Top of SOURCE DATA

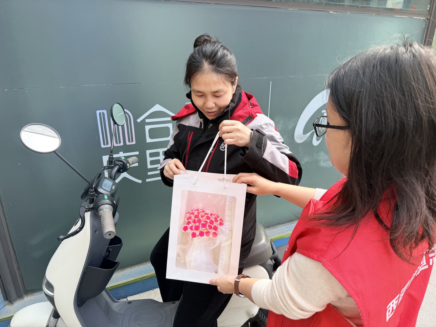 企业职工将手工制作的玫瑰赠予一线新就业群体女性从业者
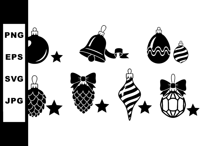 This vector file shows a collection of Christmas tree ornaments including baubles, bells, ribbons, bows, pine cones, and stars in black silhouette style, festive and elegant.
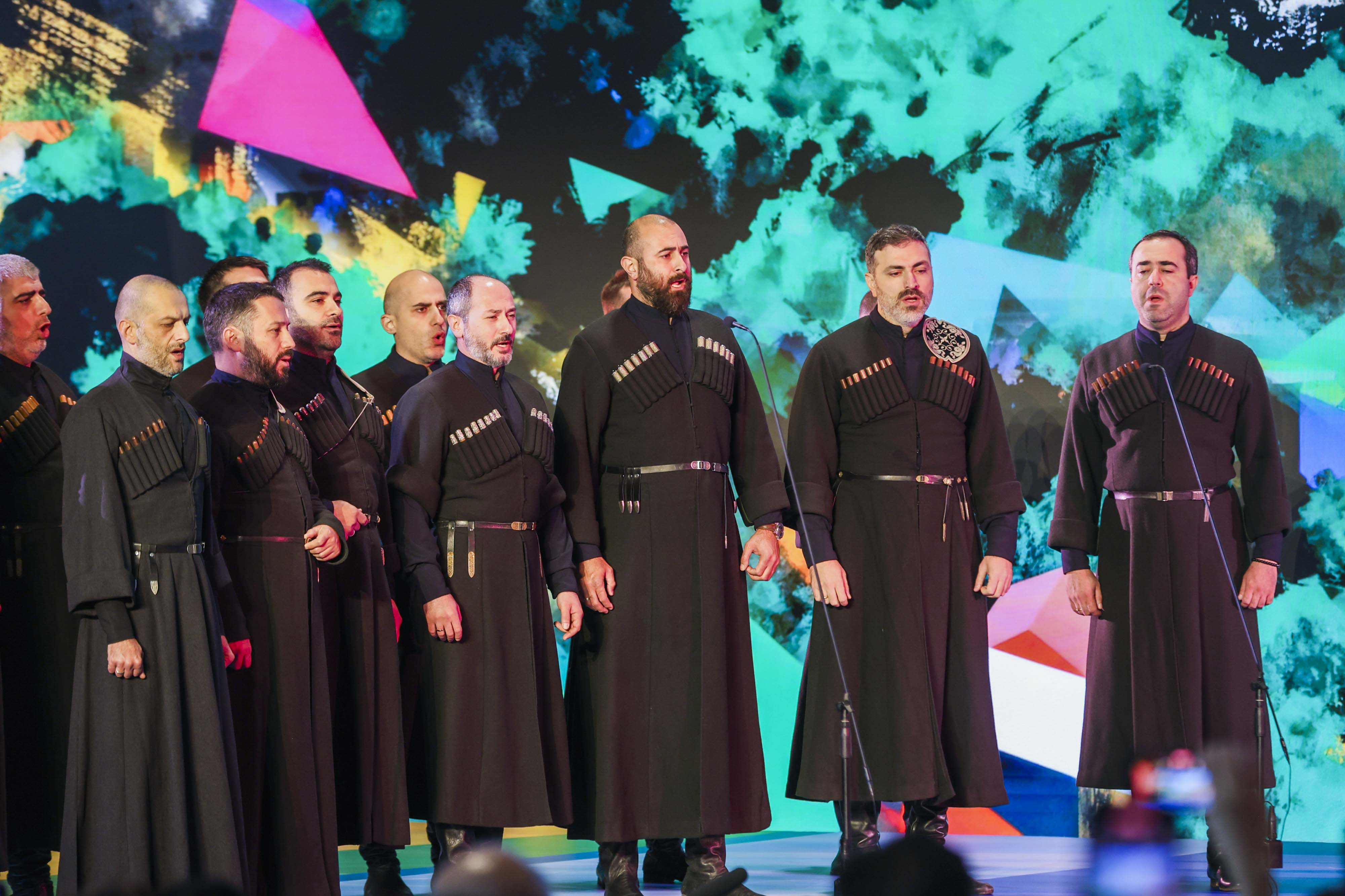 整场演出铺陈开一幅中外美学交融的画卷。在“风·和鸣”篇章中,来自中国贵州的侗族大歌与格鲁吉亚复调演唱同台,清丽婉转的侗族多声部大歌与雄浑辽阔的格鲁吉亚复调叠韵相和,两种源自不同文明的多声部演唱形式在舞台上交织,构成了一场跨越山海的文明对话。
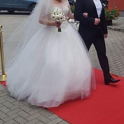 Sprzedam piękną tiulową suknię ślubną w kolorze: Ivory, znanej firmy Mori Lee - model 5216, kolekcja: by Madeline Gardner. Sukienka na zdjęciach jest przedstawiona na osobie w rozmiarze: 42, rozmiar z metki to:16. Dzięki regulacji za pomocą wiązania będzie pasowała również na osobę noszącą mniejszy lub większy rozmiar. Długość sukienki została dopasowana do osoby o wzroście 170cm + około 10cm obcas. Gorset sukienki pokryty jest oryginalnymi kamieniami Svarowskiego oraz perełkami. Przepięknie mieni się w słońcu jak i w sztucznym świetle. Fason sukni to typowa princessa. Dolna część składa się z 9 warstw. Nie ma potrzeby ubierania dodatkowych halek, gdyż sukienka sama w sobie jest bardzo rozłożysta. Sukienka ubrana była dwa razy - podczas ślubu i sesji fotograficznej. Stan sukni oceniam na bardzo dobry. Wymaga jedynie odświeżenia w pralni.
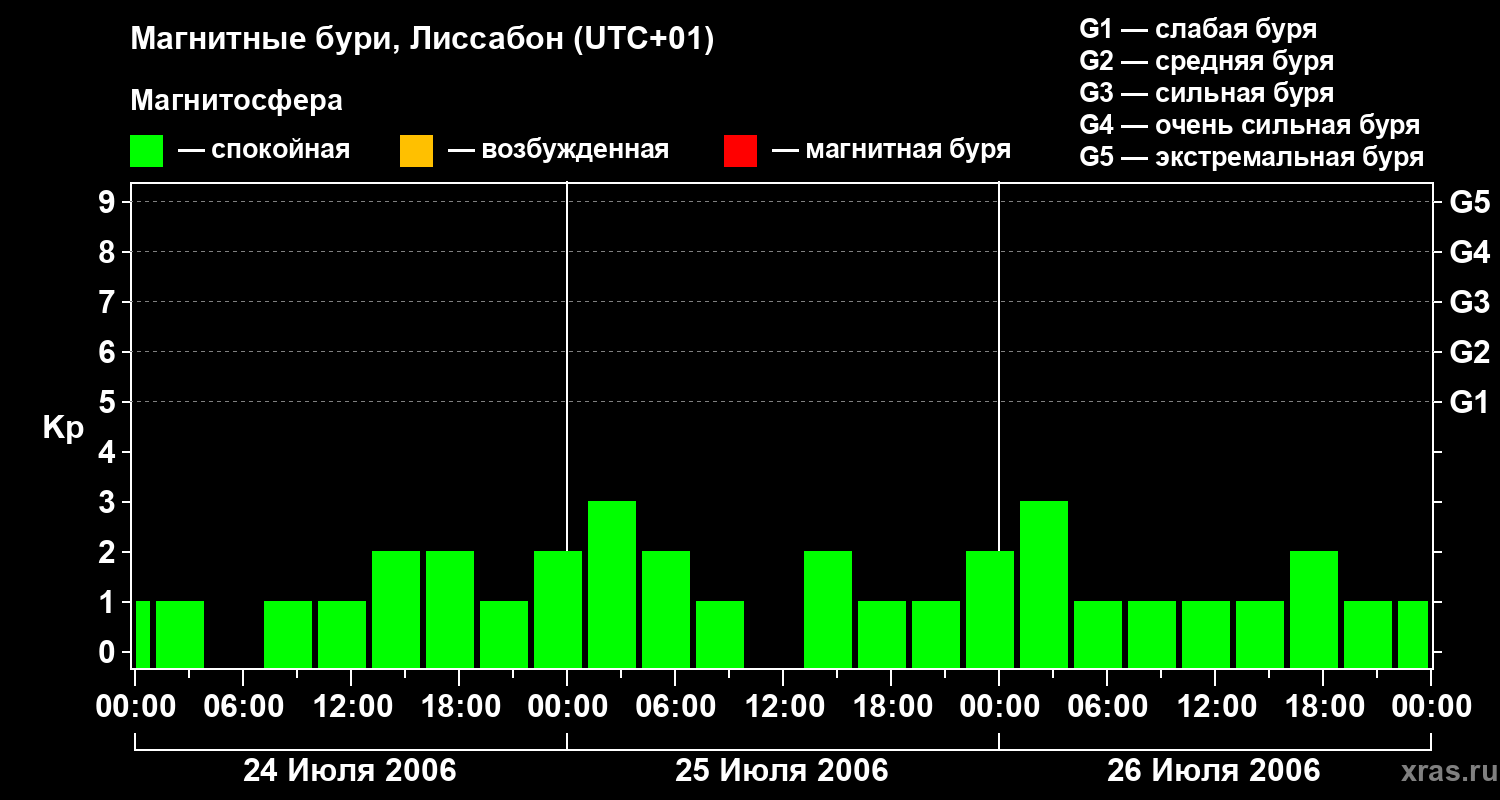 Изменения геомагнитного индекса Kp с 24 по 26 июля 2006 года для средних широт
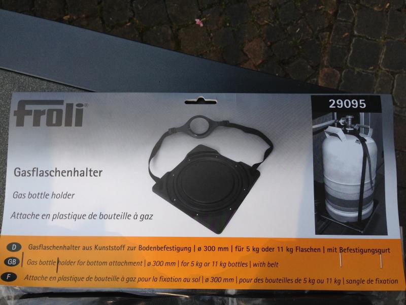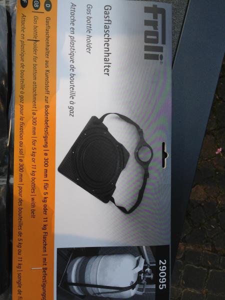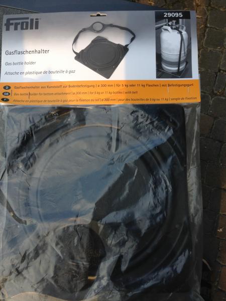 | Beschreibung: | Verkaufe hier einen neuen Froli Gasflaschenhalter aus Kunststoff. Für nur 10 €. Die Gasflasche wird auf die Fixierung für 5 oder 11 kg Flaschen gestellt und mit einem Befestigungsriemen am Flaschenhals befestigt. Eine zusätzliche Befestigung an der Seite ist nicht nötig! Habe es nur einmal ausgepackt und dann festgestellt das er bei mir nicht passt. Versandkosten betragen 5€ |
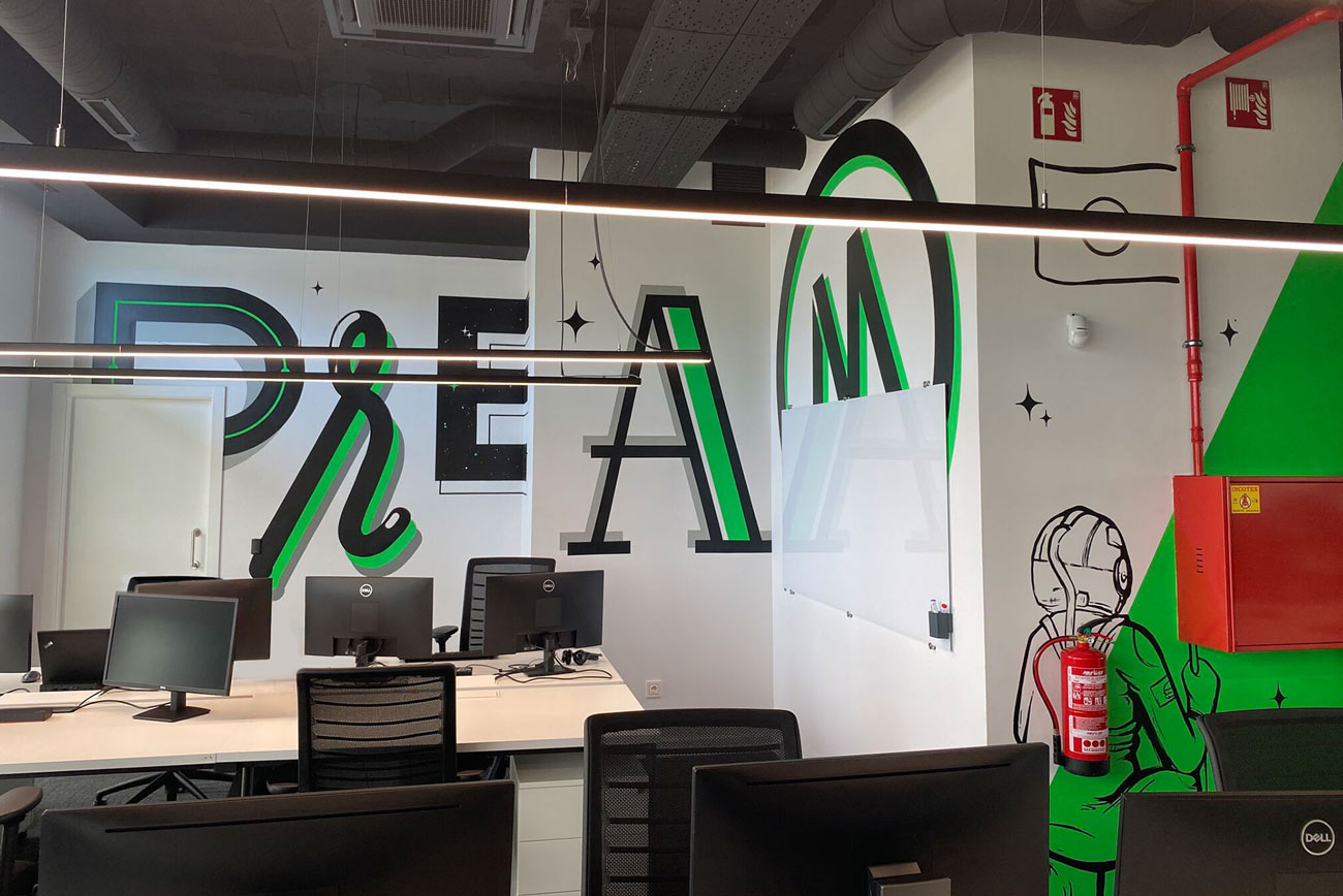 So that’s why I’ve decided to create an office like if it were a spaceship, but not a classic one, with different and playful elements like fun stickers, murals/graffitis, illustrations, planet images and more.

Bottom of SOURCE DATA

> _DESCRIPTION OF THE TASK_:
An exact copy of all the lines above is required, with the pictures removed.

> _TASK RESULT_:
 企业职工将手工制作的玫瑰赠予一线新就业群体女性从业者
 This vector file shows a collection of Christmas tree ornaments including baubles, bells, ribbons, bows, pine cones, and stars in black silhouette style, festive and elegant.
 整场演出铺陈开一幅中外美学交融的画卷。在“风·和鸣”篇章中,来自中国贵州的侗族大歌与格鲁吉亚复调演唱同台,清丽婉转的侗族多声部大歌与雄浑辽阔的格鲁吉亚复调叠韵相和,两种源自不同文明的多声部演唱形式在舞台上交织,构成了一场跨越山海的文明对话。
 Sprzedam piękną tiulową suknię ślubną w kolorze: Ivory, znanej firmy Mori Lee - model 5216, kolekcja: by Madeline Gardner. Sukienka na zdjęciach jest przedstawiona na osobie w rozmiarze: 42, rozmiar z metki to:16. Dzięki regulacji za pomocą wiązania będzie pasowała również na osobę noszącą mniejszy lub większy rozmiar. Długość sukienki została dopasowana do osoby o wzroście 170cm + około 10cm obcas. Gorset sukienki pokryty jest oryginalnymi kamieniami Svarowskiego oraz perełkami. Przepięknie mieni się w słońcu jak i w sztucznym świetle. Fason sukni to typowa princessa. Dolna część składa się z 9 warstw. Nie ma potrzeby ubierania dodatkowych halek, gdyż sukienka sama w sobie jest bardzo rozłożysta. Sukienka ubrana była dwa razy - podczas ślubu i sesji fotograficznej. Stan sukni oceniam na bardzo dobry. Wymaga jedynie odświeżenia w pralni.
 Изменения геомагнитного индекса Kp с 24 по 26 июля 2006 года для средних широт
 | Beschreibung: | Verkaufe hier einen neuen Froli Gasflaschenhalter aus Kunststoff. Für nur 10 €. Die Gasflasche wird auf die Fixierung für 5 oder 11 kg Flaschen gestellt und mit einem Befestigungsriemen am Flaschenhals befestigt. Eine zusätzliche Befestigung an der Seite ist nicht nötig! Habe es nur einmal ausgepackt und dann festgestellt das er bei mir nicht passt. Versandkosten betragen 5€ |
 So that’s why I’ve decided to create an office like if it were a spaceship, but not a classic one, with different and playful elements like fun stickers, murals/graffitis, illustrations, planet images and more.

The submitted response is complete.